# Monarch Grand Vacation ??



## 9391 (Sep 23, 2009)

*MGV*

Do you think the point converison is still the same ?
ie. 133 for a 1 bedroom in platinum season

( or peak season as Riviera B+Spa calls it? )

I tried the resort and they say I have to talk with sales which is not avail til Saturday.

you would think they would have something on their Web site.....

There are quite a few on ebay at the momoent, but mtce fees seem really high, your looking at about $1000 for 155 points which is a 1 week stay on average, so  even if sell them for $1 and only a $100 transfer fee it still is pricey, 
comments ?


----------



## Bill4728 (Oct 8, 2009)

The number of points to stay at the resorts are about what I said. 133 for a 1 bd & 155 for a 2 bed at the two resorts in Dana point. BUT Riviera Beach has several different season so in the late fall the points are lower. Riviera Shores has the same point requirements all year long. 

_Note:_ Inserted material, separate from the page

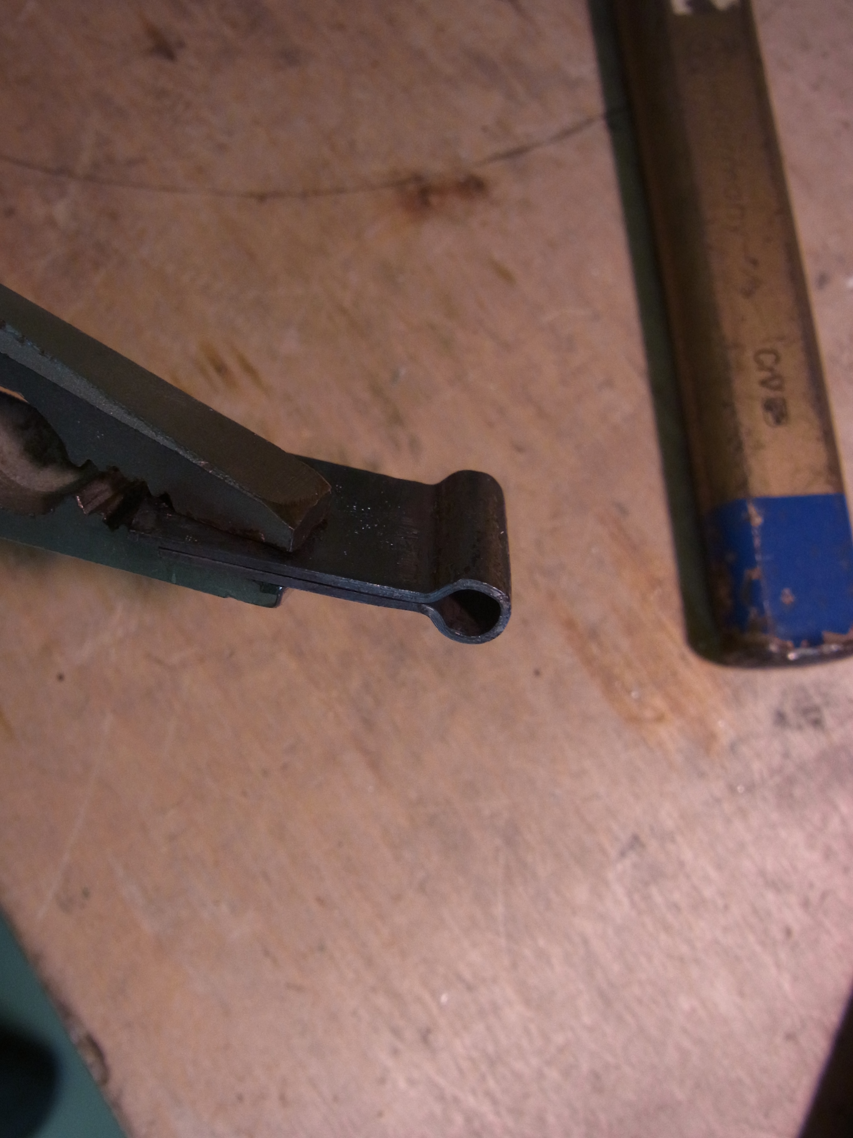 Und die endgültige Form bekommt die Zunge über einem Scharnierwerkzeug (oder einem passenden Nagel) und im Schraubstock.

The point requirements are on their website but I believe it can be accessed only by owners.


----------



## bzzybee13 (Oct 29, 2009)

*Points Chart*

Follow this link to a Monarch points chart.


----------



## sandesurf (Oct 30, 2009)

You're right, the mtce fees are ridiculously high, for the caliber of resorts in the most of the Monarch system. 
We made the mistake of converting our Palm Canyon (Palm Springs) points into Monarch Grand points, years ago. I count that as the worse Timeshare mistake we've made. 
I've learned the tricks to get the most of of them though, but I'd rather have another Marriott, for the price of the fees.


----------



## bzzybee13 (Nov 8, 2009)

sandesurf said:


> We made the mistake of converting our Palm Canyon (Palm Springs) points into Monarch Grand points, years ago. I count that as the worse Timeshare mistake we've made.
> I've learned the tricks to get the most of of them though, but I'd rather have another Marriott, for the price of the fees.



Care to share any of your tricks?


----------



## jbercu (Nov 13, 2009)

sandesurf said:


> You're right, the mtce fees are ridiculously high, for the caliber of resorts in the most of the Monarch system.
> .



What are the fees current fees?

Is there a difference between Pacific Monarch Resorts, Inc and Monarch Grand Vacation Owner's Association?


----------



## Bill4728 (Nov 14, 2009)

jbercu said:


> What are the fees current fees?
> 
> Is there a difference between Pacific Monarch Resorts, Inc and Monarch Grand Vacation Owner's Association?


Pacific Monarch is the name of the developer of Monarch Grand Vacations


----------